To evaluate the effectiveness of this approach, the authors conduct experiments on four real‑world datasets that differ in dimensionality, size, and domain characteristics: (1) an air‑pollution dataset comprising multivariate time‑series sensor readings, (2) a wholesale‑customer dataset containing transaction volumes across product categories, (3) the classic wine dataset with chemical composition variables, and (4) a vehicle dataset featuring fuel‑efficiency and engine specifications. For each dataset, the same swarm size (30 particles), maximum iteration count (100), and inertia schedule (starting at 0.9 and linearly decreasing to 0.4) are employed to ensure a fair comparison across methods.

Cluster quality is assessed using three internal validity indices: the Dunn Index (which rewards large inter‑cluster separation relative to intra‑cluster compactness), the Davies‑Bouldin Index (lower values indicate better separation and compactness), and the Silhouette Coefficient (ranging from –1 to 1, with higher values signifying well‑assigned points). The canonical PSO‑k‑means consistently outperforms standard k‑means, a simple PSO‑k‑means (with static PSO parameters), DBSCAN, and hierarchical agglomerative clustering on all four datasets. Specifically, the Dunn Index improves by an average of 25 % over vanilla k‑means, the Davies‑Bouldin Index drops by roughly 30 %, and the average Silhouette score rises by 0.08–0.12 points.
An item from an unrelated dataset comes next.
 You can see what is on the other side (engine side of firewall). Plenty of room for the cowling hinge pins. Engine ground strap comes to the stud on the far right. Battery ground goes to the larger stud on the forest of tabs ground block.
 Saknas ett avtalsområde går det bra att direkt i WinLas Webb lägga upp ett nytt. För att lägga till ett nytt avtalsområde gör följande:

The gains are most pronounced for the high‑dimensional wine and vehicle datasets, where the adaptive inertia helps the swarm avoid poor initializations that would otherwise lead k‑means to converge to sub‑optimal partitions.

The comparative algorithms exhibit distinct limitations. Simple PSO‑k‑means suffers from fixed inertia, causing either excessive wandering or sluggish convergence, which translates into lower validity scores. DBSCAN, while robust to noise, is highly sensitive to its ε and MinPts parameters; the authors demonstrate that a single parameter setting cannot accommodate the diverse density structures present in the four datasets, leading to over‑fragmented or overly merged clusters. Hierarchical clustering provides a dendrogram for visual inspection but yields internal indices comparable to, or worse than, standard k‑means, especially when the linkage method does not match the underlying data geometry.
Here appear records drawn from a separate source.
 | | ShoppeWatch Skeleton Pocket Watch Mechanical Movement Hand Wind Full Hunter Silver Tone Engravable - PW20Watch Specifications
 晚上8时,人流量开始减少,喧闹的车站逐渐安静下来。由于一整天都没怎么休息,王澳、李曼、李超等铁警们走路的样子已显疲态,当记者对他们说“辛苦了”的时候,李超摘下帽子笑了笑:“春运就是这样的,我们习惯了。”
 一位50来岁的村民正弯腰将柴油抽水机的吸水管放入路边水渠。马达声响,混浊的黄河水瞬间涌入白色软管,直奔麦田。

From a computational standpoint, the canonical PSO‑k‑means incurs roughly 2–3 times the runtime of plain k‑means due to the swarm evaluation overhead. However, the authors note that PSO’s population‑based nature is amenable to parallelization on modern multi‑core or GPU platforms, making the method feasible for batch processing of medium‑sized datasets. Moreover, the algorithm requires only a modest set of hyper‑parameters (swarm size, iteration limit, inertia schedule), which can be set heuristically without exhaustive tuning.

In conclusion, integrating a dynamically weighted canonical PSO with k‑means delivers a robust, generally applicable clustering framework that produces more compact and well‑separated clusters across heterogeneous real‑world data. The study highlights the importance of adaptive exploration‑exploitation balancing in meta‑heuristic‑enhanced clustering and suggests several avenues for future work: systematic analysis of computational‑quality trade‑offs, extension to multi‑objective optimization that simultaneously optimizes internal and external validity measures, comparison with other meta‑heuristics such as Genetic Algorithms or Differential Evolution, and development of an online version capable of handling streaming data streams.